Exercise prompt:
Excerpt from the entries below: please repeat exactly the lines from the one containing "В это сложно" through the last one, both ends included, with no pictures.

[Records from a dataset]
☆ ☆ ☆

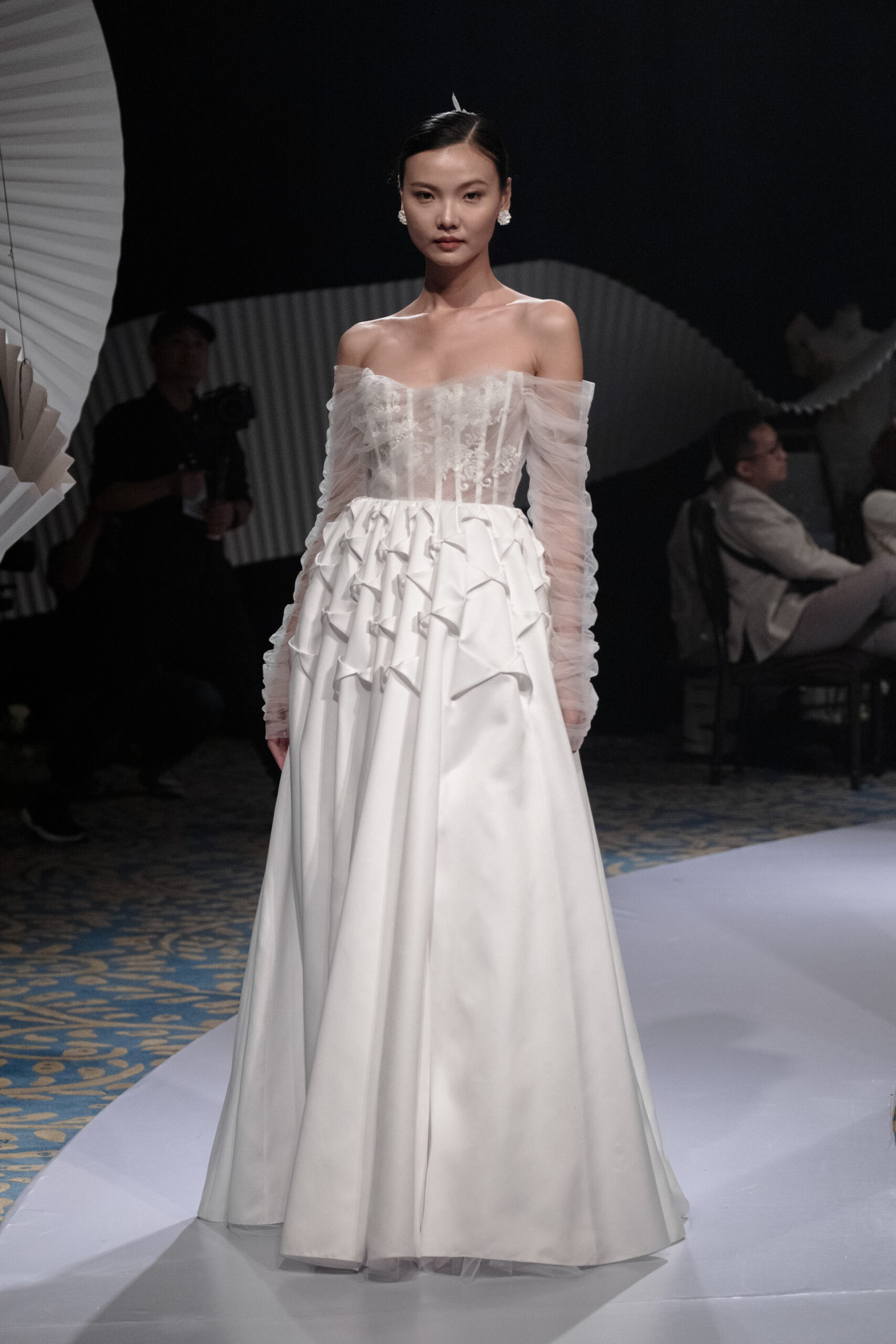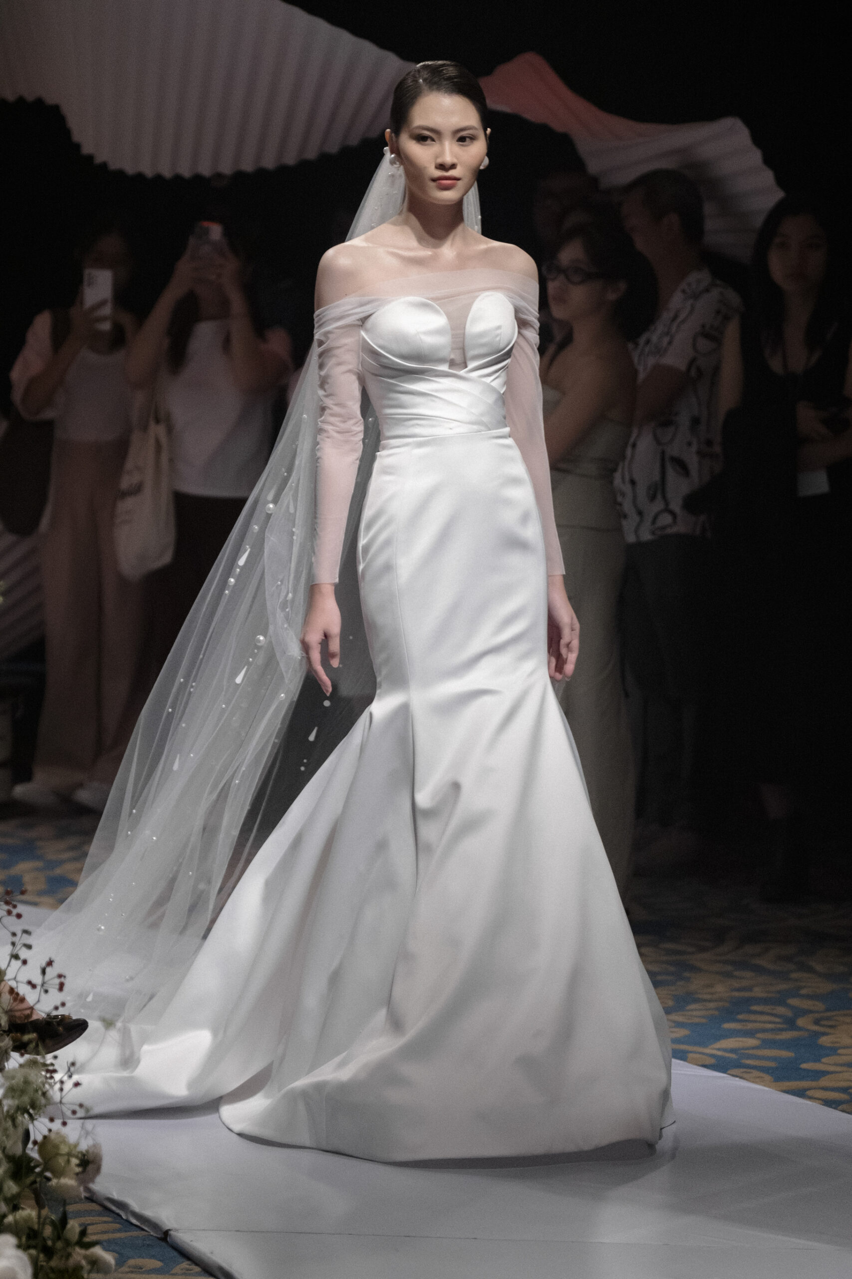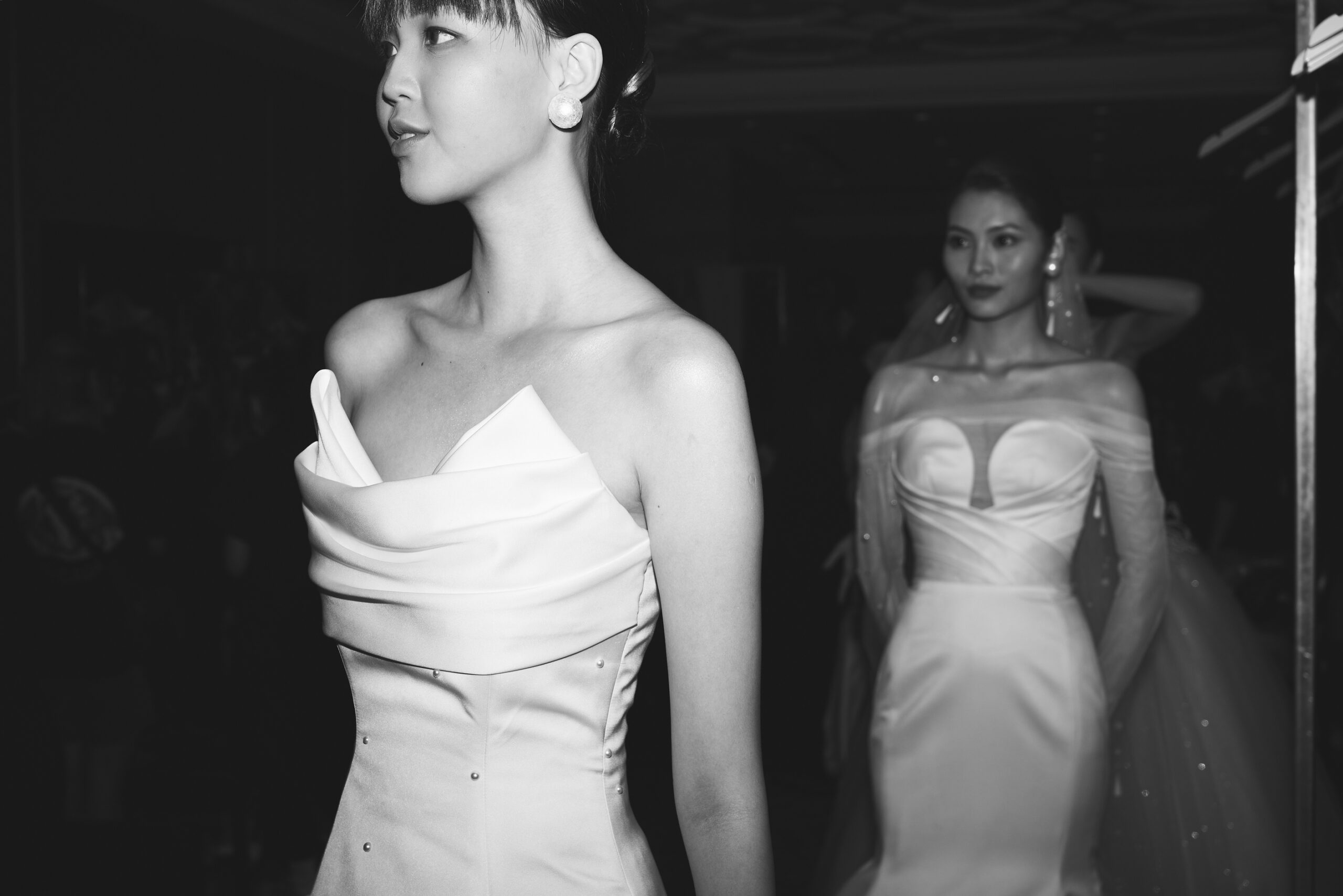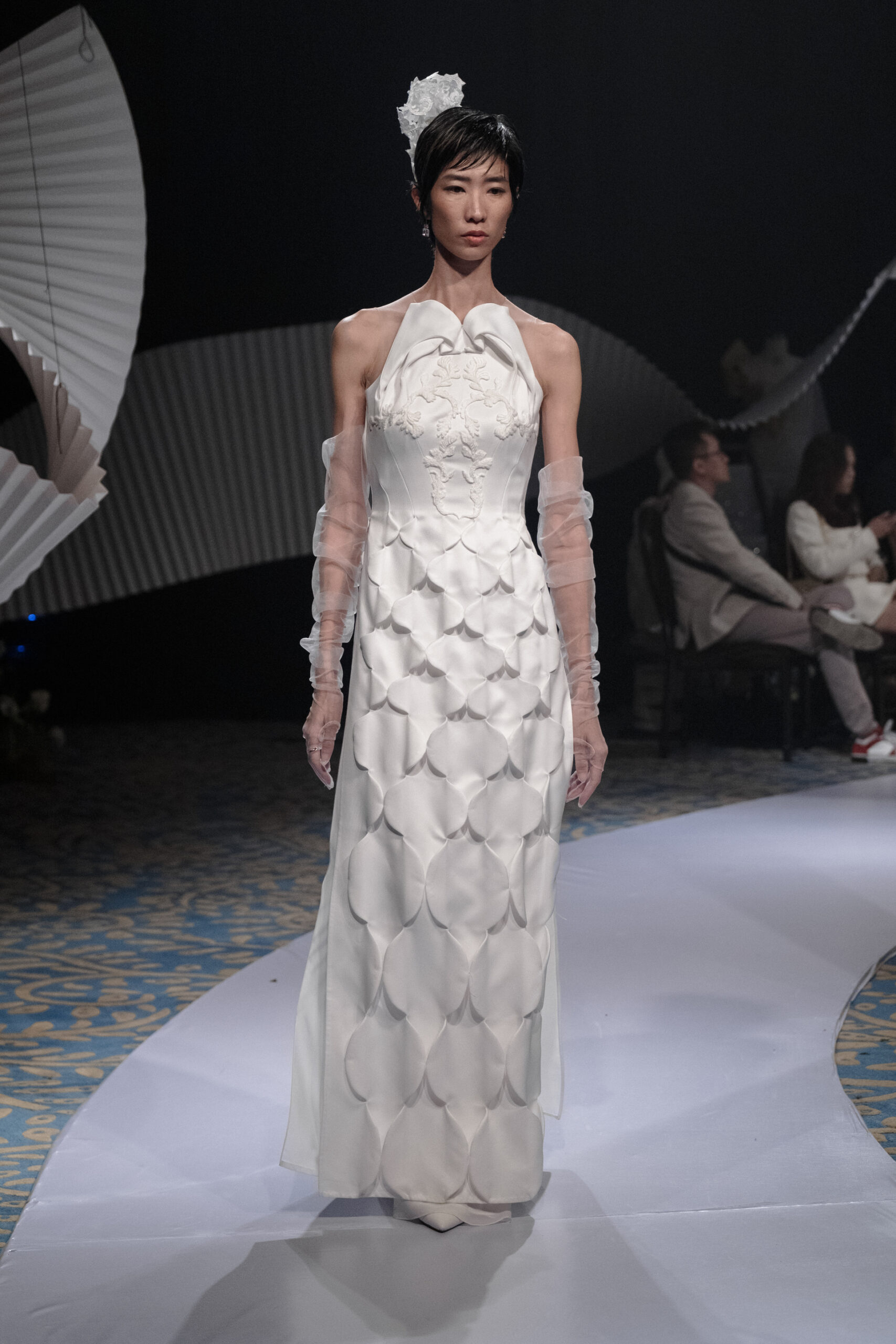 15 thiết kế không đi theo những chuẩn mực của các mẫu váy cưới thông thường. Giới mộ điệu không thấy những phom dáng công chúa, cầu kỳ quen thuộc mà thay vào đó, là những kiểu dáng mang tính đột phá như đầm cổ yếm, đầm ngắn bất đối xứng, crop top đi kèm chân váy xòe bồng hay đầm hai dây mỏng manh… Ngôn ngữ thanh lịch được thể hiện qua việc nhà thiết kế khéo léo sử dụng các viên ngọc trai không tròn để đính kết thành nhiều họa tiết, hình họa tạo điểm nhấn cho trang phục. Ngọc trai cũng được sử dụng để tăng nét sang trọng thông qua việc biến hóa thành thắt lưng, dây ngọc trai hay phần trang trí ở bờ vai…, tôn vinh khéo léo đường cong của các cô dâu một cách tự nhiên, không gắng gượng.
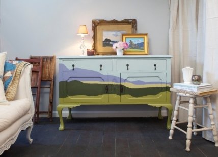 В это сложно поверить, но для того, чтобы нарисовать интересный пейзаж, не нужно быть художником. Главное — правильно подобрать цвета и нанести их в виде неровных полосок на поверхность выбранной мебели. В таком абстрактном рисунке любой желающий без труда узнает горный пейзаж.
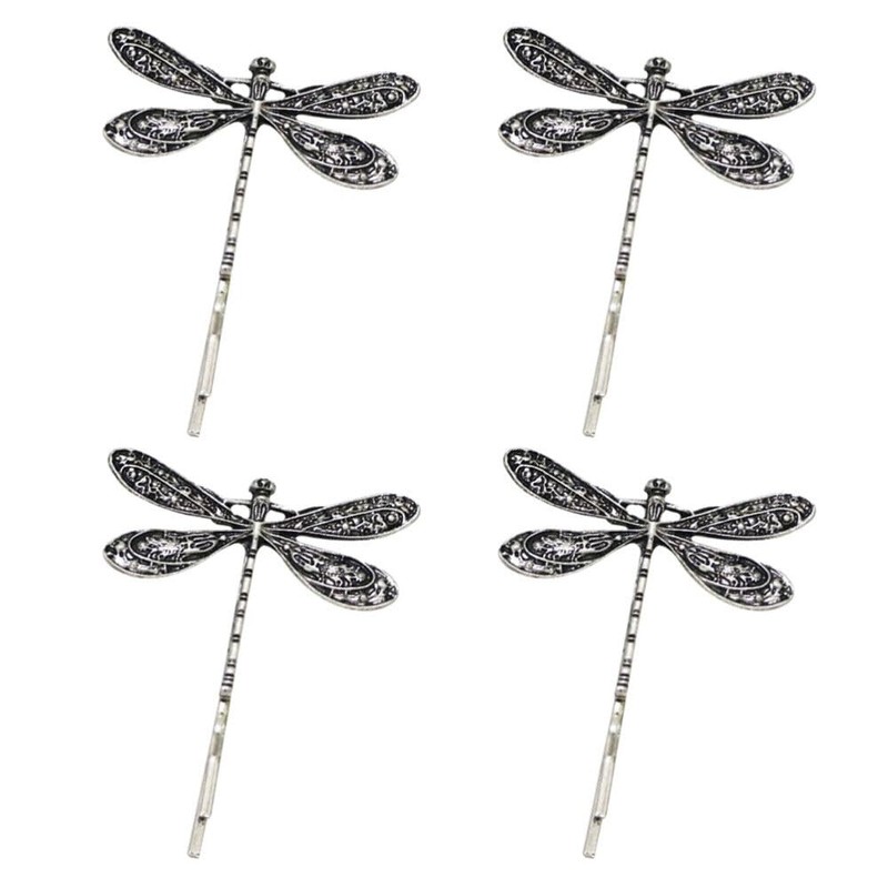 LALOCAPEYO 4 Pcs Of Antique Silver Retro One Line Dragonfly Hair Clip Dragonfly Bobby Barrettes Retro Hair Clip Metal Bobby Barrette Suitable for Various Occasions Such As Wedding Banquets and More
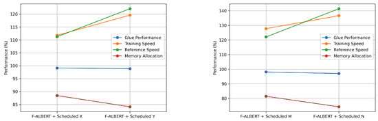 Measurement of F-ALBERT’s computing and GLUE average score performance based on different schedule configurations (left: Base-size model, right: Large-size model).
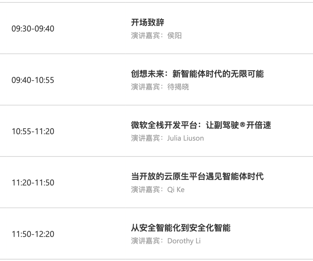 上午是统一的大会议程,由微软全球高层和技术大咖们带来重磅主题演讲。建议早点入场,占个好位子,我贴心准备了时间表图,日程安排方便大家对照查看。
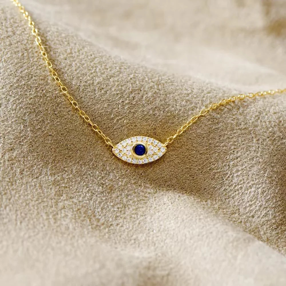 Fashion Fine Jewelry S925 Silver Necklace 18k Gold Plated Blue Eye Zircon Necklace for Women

☆ ☆ ☆

Result of the task:
 В это сложно поверить, но для того, чтобы нарисовать интересный пейзаж, не нужно быть художником. Главное — правильно подобрать цвета и нанести их в виде неровных полосок на поверхность выбранной мебели. В таком абстрактном рисунке любой желающий без труда узнает горный пейзаж.
 LALOCAPEYO 4 Pcs Of Antique Silver Retro One Line Dragonfly Hair Clip Dragonfly Bobby Barrettes Retro Hair Clip Metal Bobby Barrette Suitable for Various Occasions Such As Wedding Banquets and More
 Measurement of F-ALBERT’s computing and GLUE average score performance based on different schedule configurations (left: Base-size model, right: Large-size model).
 上午是统一的大会议程,由微软全球高层和技术大咖们带来重磅主题演讲。建议早点入场,占个好位子,我贴心准备了时间表图,日程安排方便大家对照查看。
 Fashion Fine Jewelry S925 Silver Necklace 18k Gold Plated Blue Eye Zircon Necklace for Women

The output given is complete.